## DATA FOR ANALYSIS
★ ★ ★ ★ ★ ★ ★
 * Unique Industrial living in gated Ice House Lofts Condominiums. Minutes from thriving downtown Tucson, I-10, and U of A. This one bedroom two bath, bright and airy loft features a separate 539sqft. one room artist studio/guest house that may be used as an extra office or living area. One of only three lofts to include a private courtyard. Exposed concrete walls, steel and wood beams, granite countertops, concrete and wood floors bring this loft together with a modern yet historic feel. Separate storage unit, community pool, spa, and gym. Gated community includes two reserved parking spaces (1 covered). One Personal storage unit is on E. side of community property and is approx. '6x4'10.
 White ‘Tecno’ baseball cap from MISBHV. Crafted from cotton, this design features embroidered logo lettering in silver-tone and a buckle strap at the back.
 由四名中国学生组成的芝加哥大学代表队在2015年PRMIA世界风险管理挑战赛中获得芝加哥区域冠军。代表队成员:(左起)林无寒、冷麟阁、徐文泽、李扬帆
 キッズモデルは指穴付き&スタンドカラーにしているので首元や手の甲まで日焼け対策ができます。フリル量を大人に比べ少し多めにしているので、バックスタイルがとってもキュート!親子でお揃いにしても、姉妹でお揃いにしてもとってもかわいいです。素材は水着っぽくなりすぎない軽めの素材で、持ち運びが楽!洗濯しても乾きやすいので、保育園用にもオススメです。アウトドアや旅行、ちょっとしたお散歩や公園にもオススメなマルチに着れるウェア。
★ ★ ★ ★ ★ ★ ★
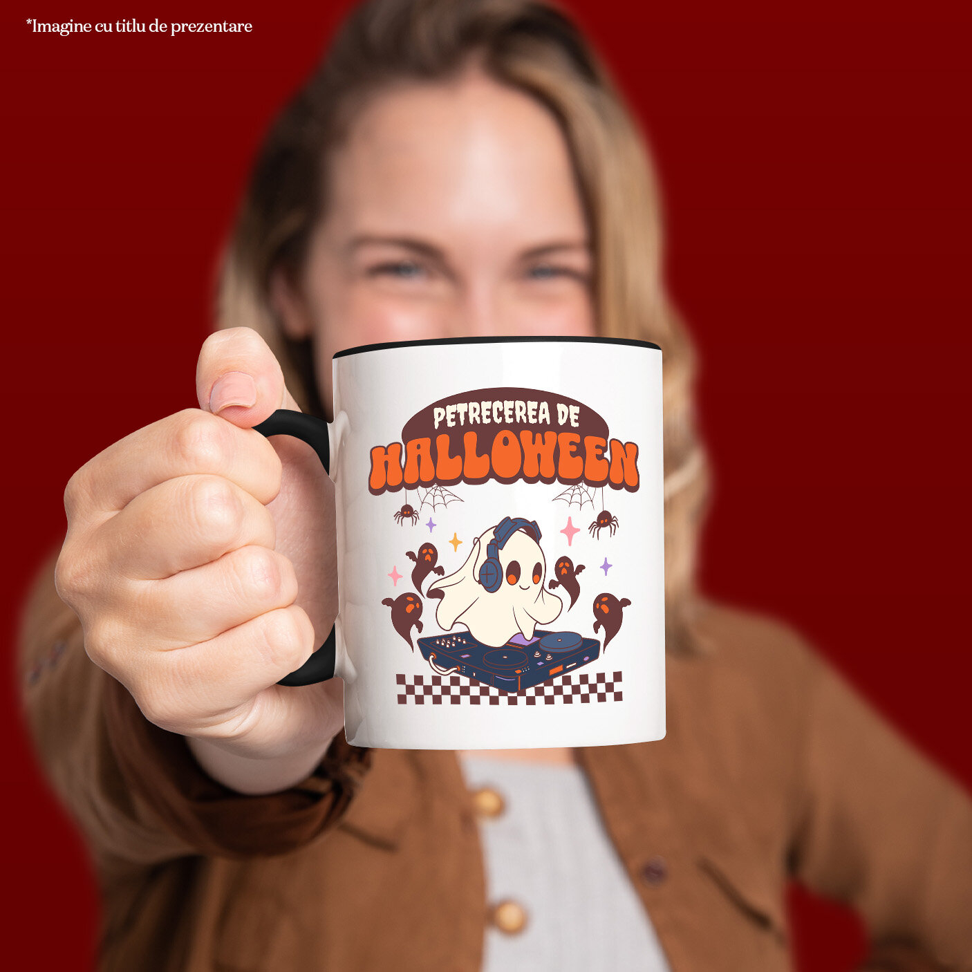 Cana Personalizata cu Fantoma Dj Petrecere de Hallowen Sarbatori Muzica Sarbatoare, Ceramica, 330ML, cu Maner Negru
★ ★ ★ ★ ★ ★ ★
Print exactly the lines above, between the one holding "由四名中国学生组成的芝加哥大" and the one holding "キッズモデルは指穴付き&スタ", inclusive, and nothing besides.

 由四名中国学生组成的芝加哥大学代表队在2015年PRMIA世界风险管理挑战赛中获得芝加哥区域冠军。代表队成员:(左起)林无寒、冷麟阁、徐文泽、李扬帆
 キッズモデルは指穴付き&スタンドカラーにしているので首元や手の甲まで日焼け対策ができます。フリル量を大人に比べ少し多めにしているので、バックスタイルがとってもキュート!親子でお揃いにしても、姉妹でお揃いにしてもとってもかわいいです。素材は水着っぽくなりすぎない軽めの素材で、持ち運びが楽!洗濯しても乾きやすいので、保育園用にもオススメです。アウトドアや旅行、ちょっとしたお散歩や公園にもオススメなマルチに着れるウェア。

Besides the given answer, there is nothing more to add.